**Exercise aim:** Within the entries below, output exactly the lines between the line containing "RAJASTHAN EDUCATIONAL TRIP" and the line containing "This is an active", inclusive, and omit any picture.

________________________________________

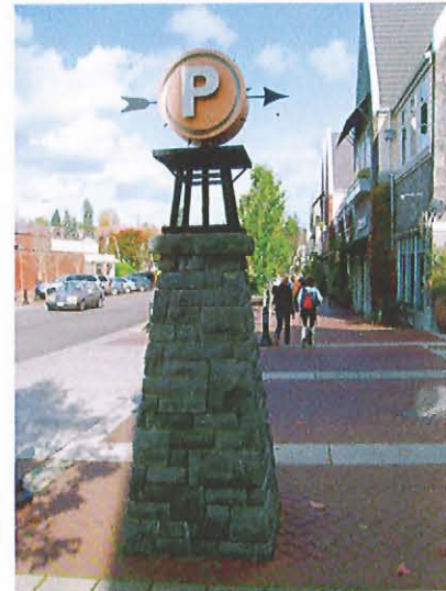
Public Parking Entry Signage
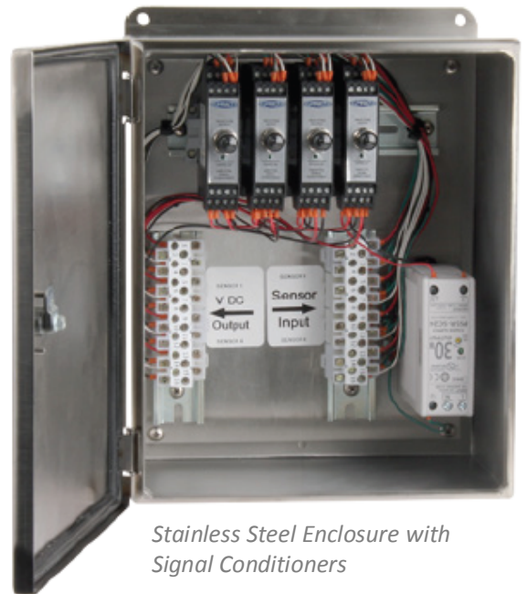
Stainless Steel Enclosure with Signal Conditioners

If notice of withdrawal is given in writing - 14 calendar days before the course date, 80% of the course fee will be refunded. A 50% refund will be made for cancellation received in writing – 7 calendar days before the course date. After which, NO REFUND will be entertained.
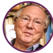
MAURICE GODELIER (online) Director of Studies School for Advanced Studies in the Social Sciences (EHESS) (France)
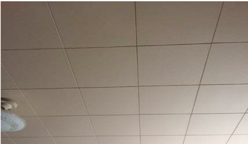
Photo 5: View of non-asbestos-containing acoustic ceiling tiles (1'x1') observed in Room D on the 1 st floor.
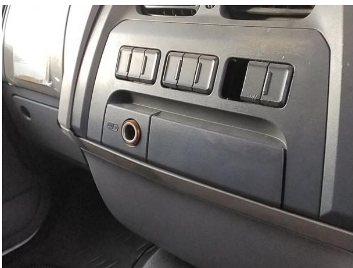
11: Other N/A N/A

________________________________________

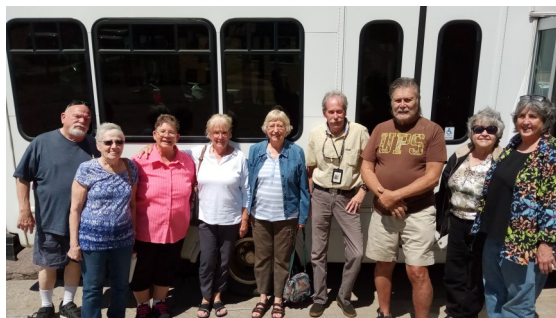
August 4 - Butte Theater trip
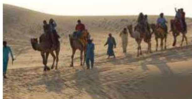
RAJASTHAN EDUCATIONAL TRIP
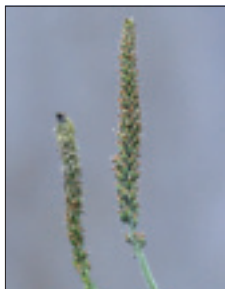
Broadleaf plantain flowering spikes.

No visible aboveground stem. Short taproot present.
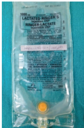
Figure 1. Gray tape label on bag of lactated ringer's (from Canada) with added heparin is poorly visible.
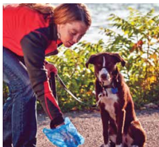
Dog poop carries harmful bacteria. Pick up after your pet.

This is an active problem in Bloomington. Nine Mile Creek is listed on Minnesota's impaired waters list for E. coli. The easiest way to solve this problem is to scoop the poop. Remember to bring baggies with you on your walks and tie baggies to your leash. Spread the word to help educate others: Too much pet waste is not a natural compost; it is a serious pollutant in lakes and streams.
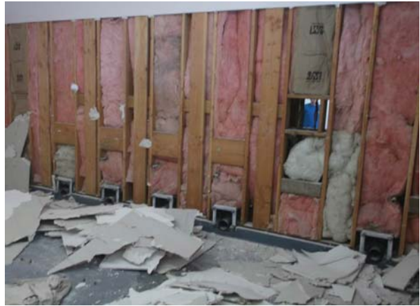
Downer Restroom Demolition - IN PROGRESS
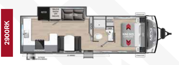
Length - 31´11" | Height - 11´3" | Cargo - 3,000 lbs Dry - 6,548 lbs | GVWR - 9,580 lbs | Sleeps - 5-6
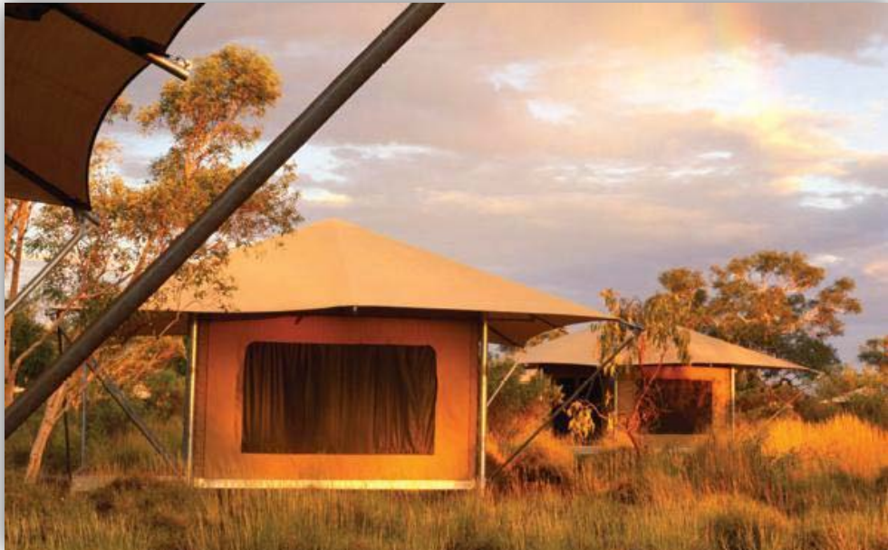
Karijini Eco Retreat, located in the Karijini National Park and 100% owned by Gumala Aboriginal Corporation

________________________________________

**Task result:**
RAJASTHAN EDUCATIONAL TRIP
Broadleaf plantain flowering spikes.

No visible aboveground stem. Short taproot present.
Figure 1. Gray tape label on bag of lactated ringer's (from Canada) with added heparin is poorly visible.
Dog poop carries harmful bacteria. Pick up after your pet.

This is an active problem in Bloomington. Nine Mile Creek is listed on Minnesota's impaired waters list for E. coli. The easiest way to solve this problem is to scoop the poop. Remember to bring baggies with you on your walks and tie baggies to your leash. Spread the word to help educate others: Too much pet waste is not a natural compost; it is a serious pollutant in lakes and streams.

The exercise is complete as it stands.